Apple appears to have confirmed what we already knew: Times are tough, and while the company will continue to invest in product development, it will freeze investment in some of its departments, according to Bloomberg.
Confrontation for the slowdown
We don’t know which parts of Apple’s business will be affected. Bloomberg simply says that the company will no longer increase headcount in certain departments next year. Amazon, Google, Microsoft and other tech companies are also slowing recruitment in response to unyielding economic headwinds.
It’s not the same as cutting jobs, of course, and, at least in Apple’s case, the freeze isn’t company-wide, only affecting parts of the vast enterprise. Tesla, meanwhile, has laid off hundreds of workers and closed at least one research facility.
What parts of the business can be affected?
It is reasonable to think that in the context of the recession, Apple could slow down the rate at which it opens new stores. That said, it’s worth remembering that Apple opened its first two retail stores in May 2001, just a year after the dot-com bubble burst in early 2000. In other words, Apple has been successful in the past with longer term bets. in the face of headwinds in the market.

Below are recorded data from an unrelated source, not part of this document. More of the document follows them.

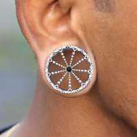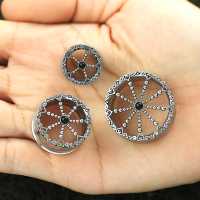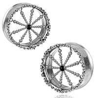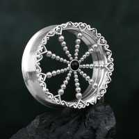 This filigree steel flesh tunnel is created from small steel hearts and balls welded to a steel ear-tunnel by hand. Our finishing touch to this steel body jewelry is that in the centre of the steel piercing jewelry we set a black onyx cabochon.
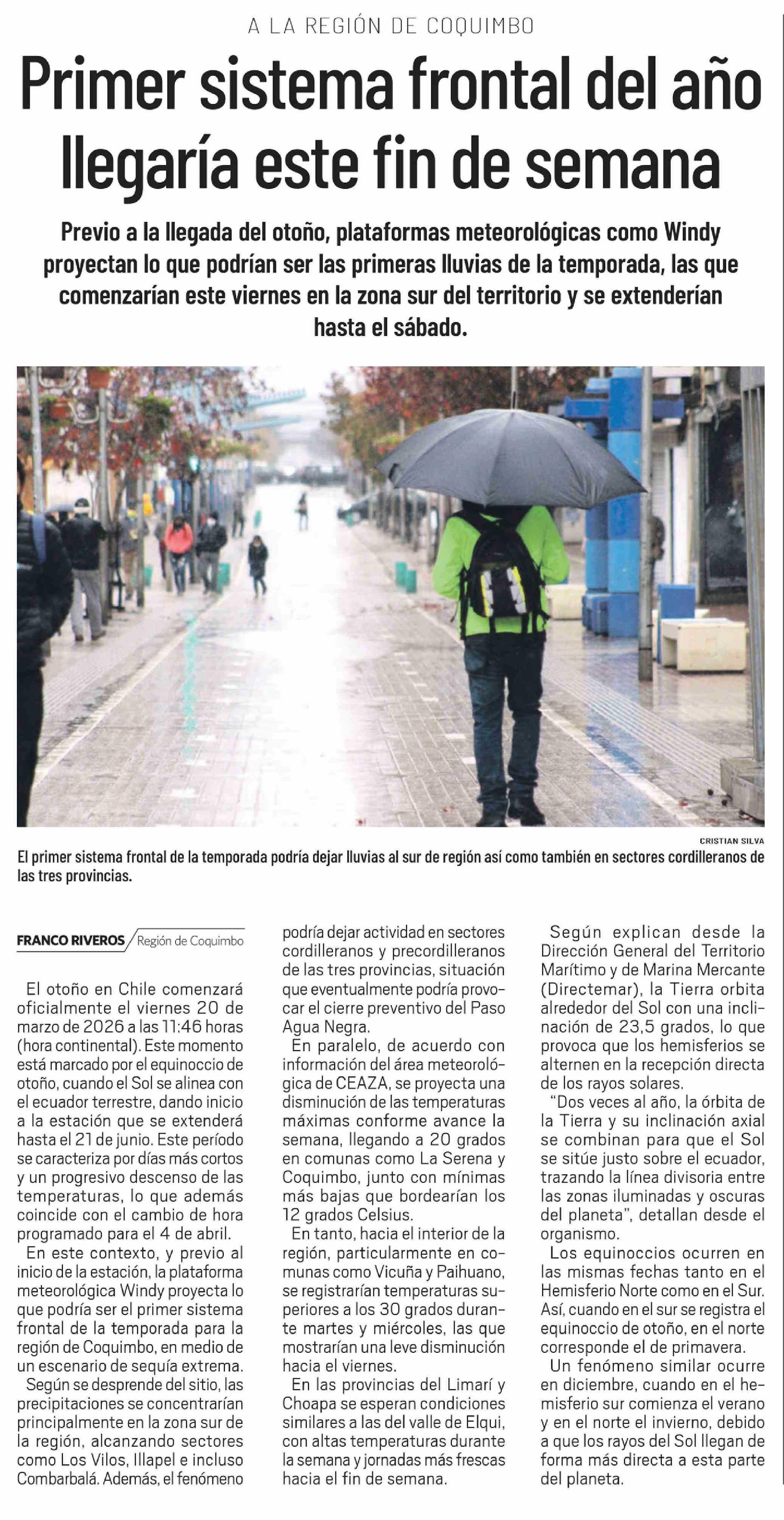 Primer sistema frontal del año llegaría este fin de semana
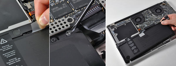 Andando tranquillamente contro ogni avvertimento di Apple, iFixit ora stacca la batteria dal computer. Tre viti speciali a tre punte fissano l'accumulatore di energia (7,3 V/95 Wh) dalle generose dimensioni (pesa 570 grammi, il 20% di tutto il laptop) allo chassis. Sorpresa, è molto facile sostituirla, se non fosse che lo speciale cacciaviti è molto poco comune. Tuttavia Apple vuole che si spendano lo stesso 179 euro nel momento che questa non renderà più.
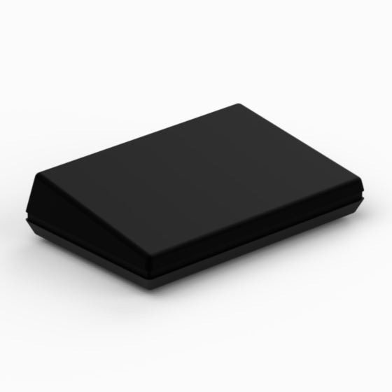 Contenitore in ABS con superfici opache e coperchio inclinato. All’interno sono presenti punti di fissaggio per PCB. Chiusura a quattro viti.
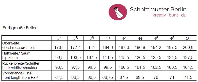The Felice shirt is a piece that is easy to sew, since it is only made of consists of four pattern parts. With oversized sleeves and Reglan seams, the blouse shirt is nice and casual. The yoke with pleats in the back provides a nice detail to the otherwise simple top. The top has a long cut and can therefore be worn loosely over tight pants . Length at center back = 70-74 cm

We’ll find out what impact these headwinds have had on Apple’s business in the current quarter on July 28, when the company will release its next financial results.
We know that sales are expected to slow as consumer demand softens. In its latest tax call, Apple warned of a bumpy quarter with sales down $8 billion, quarter over quarter.
Under the hype
Despite these potential pain points, there have been positive thoughts over the past 13 weeks. Macs are gaining market share in the declining PC market. iPhones remain popular in China – Apple’s market share continues to grow. Some supply chain issues appear to be improving. But what is not improving is consumer confidence as we face the real four horsemen of insecurity: disease, rising food and energy prices, the plague of nature environment and war.
The actions reported by Apple simply confirm that when the jumpers come out, things get tough. Credit Suisse Chairman Axel Lehmann said CNBC that while some tech companies may not move on to the next chapter, “fundamental trends will remain, that technology and digitalization will matter, new business models.”
[Also read: Apple (almost) says, ‘If you want to collaborate, stay apart’]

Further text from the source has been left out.